For example, the research presented by Strong and Midden (2020) assessed individual differences between older adult musicians and non-musicians that continue or discontinue playing into late life. The study by Evans and Liu (2019) addressed individual and psychological wellbeing. Their quantitative research investigated the effects of participation in a high school orchestra on members’ self-esteem. In contrast, at the community level, the study by Mares et al. (2020) assessed several arts interventions designed to address structural violence and structural vulnerability that effect the wellbeing of farmworker communities. Of note, participatory dance programs were found to benefit participants on a holistic level. Findings show positive results on physical, social, and psychological wellbeing (Kitwana, 2014; Moe, 2014; Feinberg et al., 2016; O’Brien, 2016; Schroeder et al., 2017; Atkins et al., 2018; Campbell, 2019).
Outcomes Measured
The included articles reported several types of research outcomes. These outcomes were coded utilizing the taxonomy by Dodd et al. (2018). This taxonomy was used in a recent scoping review (Golden et al., 2019). In this taxonomy the outcomes are divided into a core area and a subdomain. wellbeing outcomes were found in two core areas: Life Impact and Resource Use. Most studies reported outcomes in the Life Impact domain with Emotional Functioning/Wellbeing (n = 21) and Social Functioning (n = 19) as the most common areas of focus. In the subsequent paragraphs, Life Impact including social, emotional, and physical functioning, global quality of life, and cognitive functioning is followed by Resource Use including economic and hospital/healthcare.

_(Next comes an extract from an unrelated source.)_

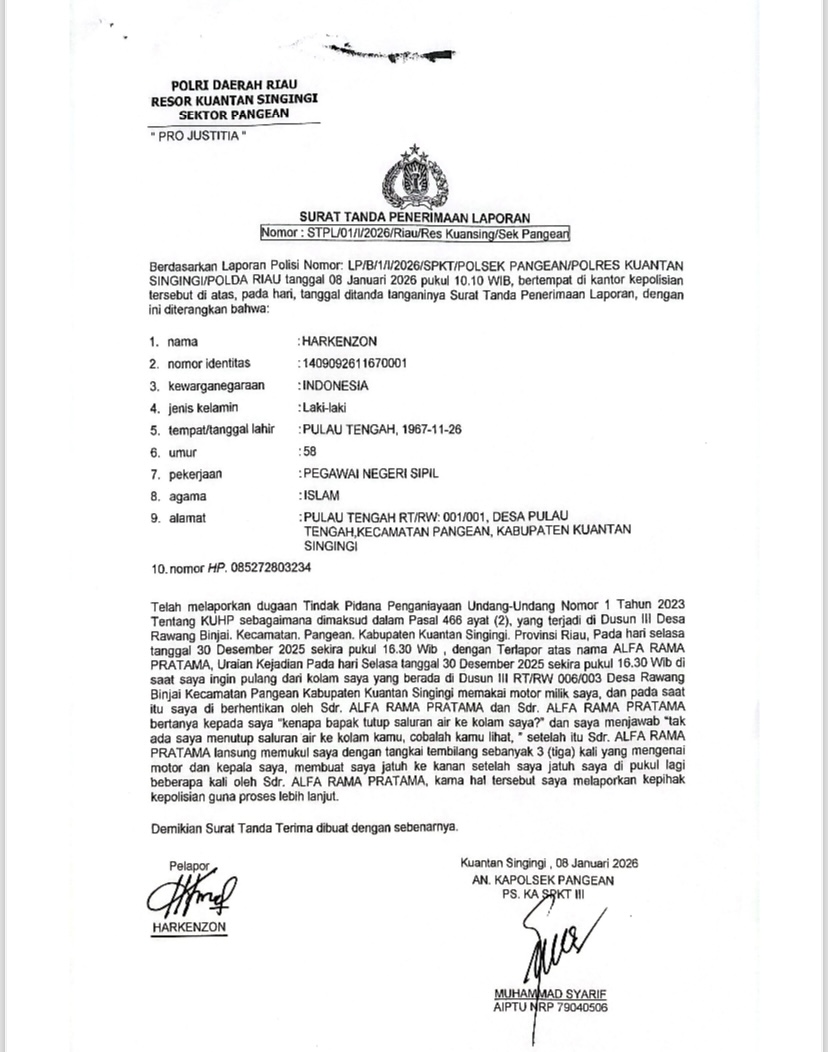 Laporan tersebut tertuang dalam Surat Tanda Penerimaan Laporan (STPL) bernomor STPL/01/I/2026/Riau/Res Kuansing/Sek Pangean, terkait insiden yang terjadi di Dusun III Desa Rawang Binjai, Kecamatan Pangean, Selasa malam, 30 Desember 2025 lalu.

Life Impact-Emotional Functioning
Emotional functioning is defined as the “impact of disease/condition on emotions or overall wellbeing (e.g., ability to cope, worry, frustration, confidence, perceptions regarding body image and appearance, psychological status, stigma, life satisfaction, meaning and purpose, positive affect, self-esteem, self-perception, and self-efficacy)” (Dodd et al., 2018). Reported outcomes in this area included increases in self-awareness, self-esteem, happiness, confidence, self-efficacy, grit, vitality, sense of self-achievement, experience of flow, positive attitude toward aging, autonomy, competence, motivation, empowerment, psychological safety, and feeling valued, as well as reductions in negative affect and mental health distress (n-21). For example, in a study of the effects of a 6-week Drama Workshop program, Moore et al. (2017) found that participants reported positive changes in happiness, confidence, and self-esteem post-treatment.
Life Impact-Social Functioning
Social functioning refers to “the impact of disease/condition on social functions (e.g., ability to socialize, behavior in society, communication, companionship, psychosocial development, aggression, recidivism, participation)” (Dodd et al., 2018). The findings in these studies included increased social cohesion, social activity, social connectedness or a decrease in social isolation/loneliness, or social exclusion after attendance in a class or arts intervention (n = 19). For example, social interaction skills in children with autism were found to improve after several visits to an art museum (Deng, 2017).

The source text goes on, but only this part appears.